### Entries provided
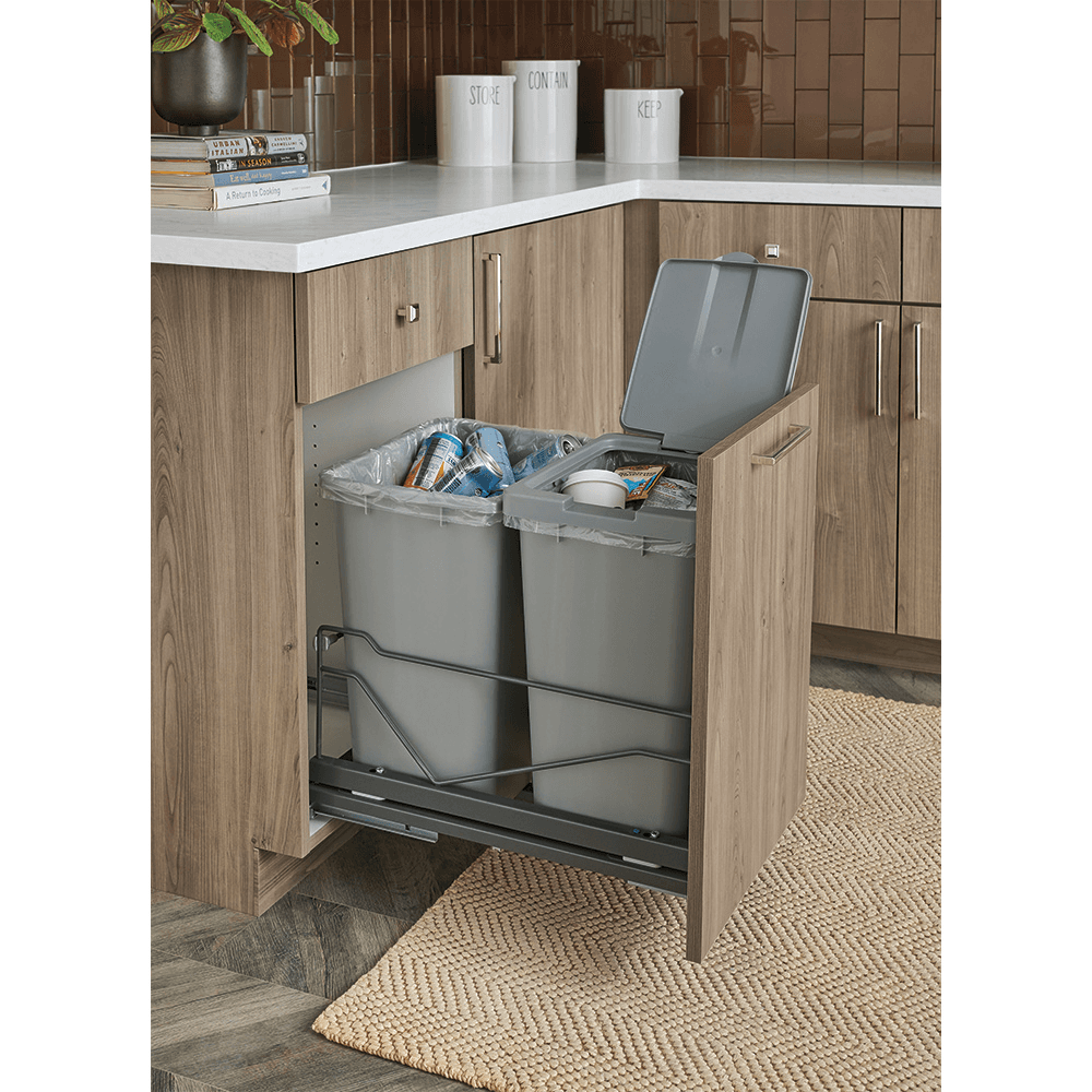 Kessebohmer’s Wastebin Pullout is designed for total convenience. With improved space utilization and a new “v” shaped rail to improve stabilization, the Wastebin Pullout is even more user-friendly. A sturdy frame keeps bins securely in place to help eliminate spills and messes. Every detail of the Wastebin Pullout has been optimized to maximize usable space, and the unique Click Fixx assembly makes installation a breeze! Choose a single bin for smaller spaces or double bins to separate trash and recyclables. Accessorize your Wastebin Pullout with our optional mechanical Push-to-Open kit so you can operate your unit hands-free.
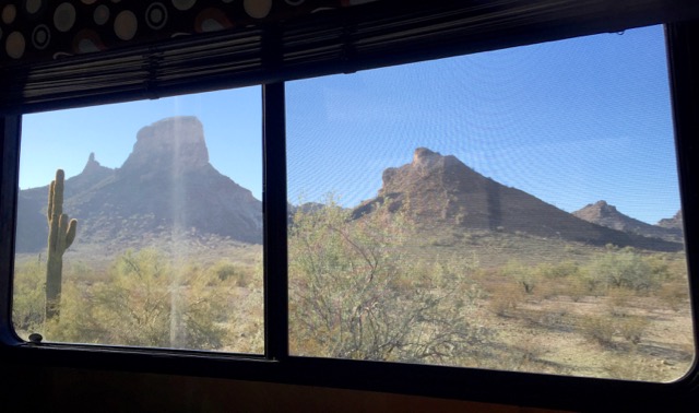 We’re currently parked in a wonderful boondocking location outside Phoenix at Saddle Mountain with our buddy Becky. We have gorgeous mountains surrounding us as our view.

* * *

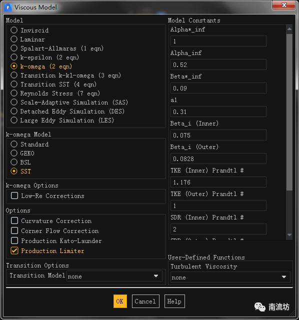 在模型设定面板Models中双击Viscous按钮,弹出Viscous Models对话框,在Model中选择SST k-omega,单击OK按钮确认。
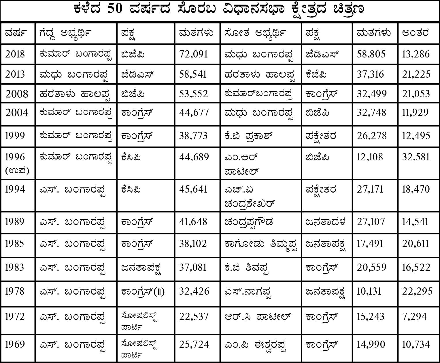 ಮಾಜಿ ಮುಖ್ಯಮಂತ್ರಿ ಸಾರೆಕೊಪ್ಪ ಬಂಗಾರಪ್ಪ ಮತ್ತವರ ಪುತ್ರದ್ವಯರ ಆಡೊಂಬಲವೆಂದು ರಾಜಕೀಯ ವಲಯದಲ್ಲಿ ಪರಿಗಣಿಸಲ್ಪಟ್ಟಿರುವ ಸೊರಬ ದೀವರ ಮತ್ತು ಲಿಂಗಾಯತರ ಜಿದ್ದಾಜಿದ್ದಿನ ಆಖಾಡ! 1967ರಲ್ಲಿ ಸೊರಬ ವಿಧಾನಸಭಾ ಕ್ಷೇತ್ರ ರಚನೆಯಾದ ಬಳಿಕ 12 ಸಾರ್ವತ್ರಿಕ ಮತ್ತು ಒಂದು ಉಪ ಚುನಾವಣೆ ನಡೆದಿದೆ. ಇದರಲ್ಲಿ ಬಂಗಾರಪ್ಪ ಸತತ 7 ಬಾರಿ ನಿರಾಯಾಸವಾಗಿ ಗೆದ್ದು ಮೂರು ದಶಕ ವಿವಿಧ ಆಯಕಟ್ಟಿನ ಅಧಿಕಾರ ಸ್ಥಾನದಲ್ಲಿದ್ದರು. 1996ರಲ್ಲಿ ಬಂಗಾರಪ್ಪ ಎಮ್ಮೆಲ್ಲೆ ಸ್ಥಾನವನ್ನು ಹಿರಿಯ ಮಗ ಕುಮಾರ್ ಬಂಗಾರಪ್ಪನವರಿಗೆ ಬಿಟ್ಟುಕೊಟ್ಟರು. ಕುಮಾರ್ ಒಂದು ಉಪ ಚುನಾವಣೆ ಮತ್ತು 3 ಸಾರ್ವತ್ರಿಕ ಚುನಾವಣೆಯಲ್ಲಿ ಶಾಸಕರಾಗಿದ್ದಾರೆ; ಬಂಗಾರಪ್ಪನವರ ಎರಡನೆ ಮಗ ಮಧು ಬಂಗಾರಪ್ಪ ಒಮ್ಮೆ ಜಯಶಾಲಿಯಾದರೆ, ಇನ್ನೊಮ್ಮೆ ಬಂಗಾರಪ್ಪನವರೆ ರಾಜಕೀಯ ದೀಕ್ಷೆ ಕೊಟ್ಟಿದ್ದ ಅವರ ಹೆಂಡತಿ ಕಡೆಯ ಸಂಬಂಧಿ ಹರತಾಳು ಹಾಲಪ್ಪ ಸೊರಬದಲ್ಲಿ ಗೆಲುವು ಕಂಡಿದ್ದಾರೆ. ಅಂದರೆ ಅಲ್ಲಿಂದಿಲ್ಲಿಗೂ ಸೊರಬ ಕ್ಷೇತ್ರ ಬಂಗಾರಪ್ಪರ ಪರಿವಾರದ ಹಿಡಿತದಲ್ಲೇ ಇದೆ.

### Task directions
Range to print from the listing above: from the line with "Kessebohmer’s Wastebin Pullout" up to and including the line with "We’re currently parked". Please print those lines exactly, with no pictures and nothing more.

### Expected answer
 Kessebohmer’s Wastebin Pullout is designed for total convenience. With improved space utilization and a new “v” shaped rail to improve stabilization, the Wastebin Pullout is even more user-friendly. A sturdy frame keeps bins securely in place to help eliminate spills and messes. Every detail of the Wastebin Pullout has been optimized to maximize usable space, and the unique Click Fixx assembly makes installation a breeze! Choose a single bin for smaller spaces or double bins to separate trash and recyclables. Accessorize your Wastebin Pullout with our optional mechanical Push-to-Open kit so you can operate your unit hands-free.
 We’re currently parked in a wonderful boondocking location outside Phoenix at Saddle Mountain with our buddy Becky. We have gorgeous mountains surrounding us as our view.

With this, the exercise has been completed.